[MATERIAL FOR THIS EXERCISE]

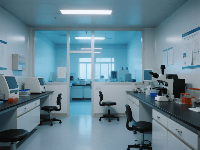 本實驗室以"科技藍調"為設計主題,嚴格遵循生物安全二級(BSL-2)及ISO14644-1標準,打造兼具專業性與美學體驗的分子生物學研究空間。整體采用深海藍與鈦白灰的色彩組合,營造冷靜而富有科技感的實驗環境。
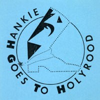 hank wangford - sticker - designed by caramel crunch - hankie goes to holyrood - black text on blue background - with graphic boot & hank face logo sticker - 3" square
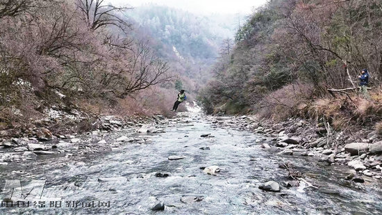 循著水聲走向泗耳溝深處,隊伍攀爬近乎垂直的陡坡,踏過覆冰的河灘,被一道30米寬的急流攔住了去路。
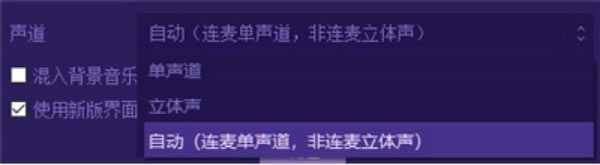 直播助手支持声道选择,如果出现声道问题,请视依次尝试合适设置,如果没有问题,请保持默认选项。
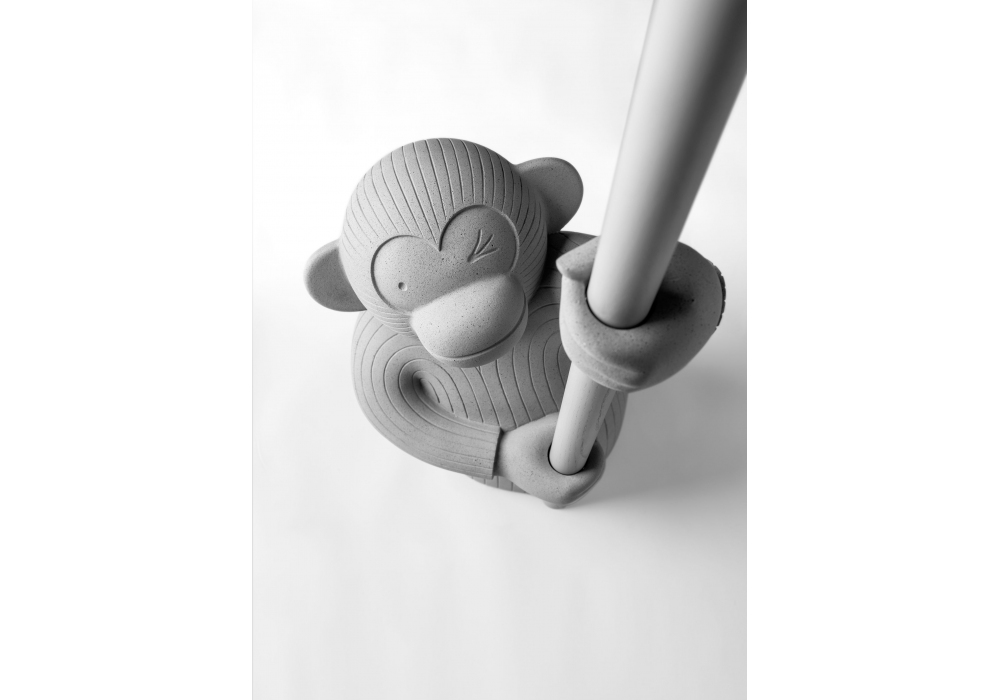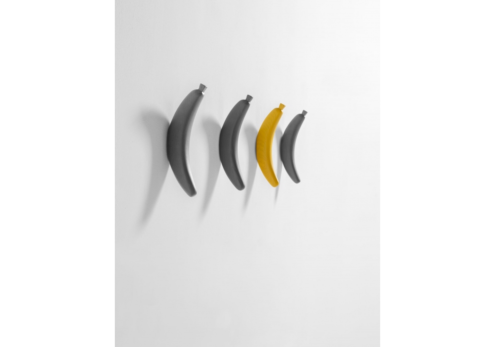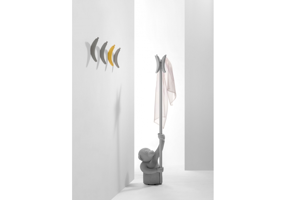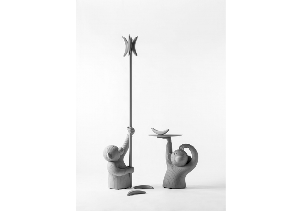 Monkey von Jaime Hayon für BD Barcelona entworfen, ist ein Kleiderbügel mit Betonsockel, Stange und Banane aus massiver Esche, erhältlich in Schwarz oder Grau.
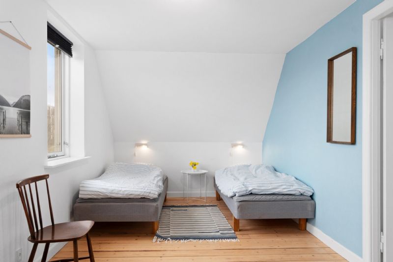 På første sal er der fire værelser og et badeværelse.
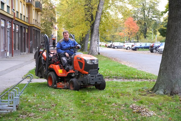 22.10.2025 - Podzim se v Karviné už naplno hlásí o slovo — stromy se barví do všech odstínů oranžové, červené a hnědé, ale s krásou přichází i každoroční práce. Jakmile začne listí padat, vyrážejí do ulic zaměstnanci Technických služeb Karviná, aby město zůstalo čisté a bezpečné. Na úklid spadaného listí používají sekačky vybavené sběrnými kapsami. Od jara sečou trávu, na podzim navíc sbírají i listí. Tam, kam se stroje nedostanou – třeba mezi zaparkovaná auta, do koutů parků nebo kolem obrubníků – nastupují pracovníci s foukači, kteří listí rozfoukávají do hromad, odkud ho lze snadno posbírat.

[/MATERIAL FOR THIS EXERCISE]

> _TASK BRIEF_
Go through the material and set it down again exactly, but without any pictures.

> _WRITTEN RESPONSE_
 本實驗室以"科技藍調"為設計主題,嚴格遵循生物安全二級(BSL-2)及ISO14644-1標準,打造兼具專業性與美學體驗的分子生物學研究空間。整體采用深海藍與鈦白灰的色彩組合,營造冷靜而富有科技感的實驗環境。
 hank wangford - sticker - designed by caramel crunch - hankie goes to holyrood - black text on blue background - with graphic boot & hank face logo sticker - 3" square
 循著水聲走向泗耳溝深處,隊伍攀爬近乎垂直的陡坡,踏過覆冰的河灘,被一道30米寬的急流攔住了去路。
 直播助手支持声道选择,如果出现声道问题,请视依次尝试合适设置,如果没有问题,请保持默认选项。
 Monkey von Jaime Hayon für BD Barcelona entworfen, ist ein Kleiderbügel mit Betonsockel, Stange und Banane aus massiver Esche, erhältlich in Schwarz oder Grau.
 På første sal er der fire værelser og et badeværelse.
 22.10.2025 - Podzim se v Karviné už naplno hlásí o slovo — stromy se barví do všech odstínů oranžové, červené a hnědé, ale s krásou přichází i každoroční práce. Jakmile začne listí padat, vyrážejí do ulic zaměstnanci Technických služeb Karviná, aby město zůstalo čisté a bezpečné. Na úklid spadaného listí používají sekačky vybavené sběrnými kapsami. Od jara sečou trávu, na podzim navíc sbírají i listí. Tam, kam se stroje nedostanou – třeba mezi zaparkovaná auta, do koutů parků nebo kolem obrubníků – nastupují pracovníci s foukači, kteří listí rozfoukávají do hromad, odkud ho lze snadno posbírat.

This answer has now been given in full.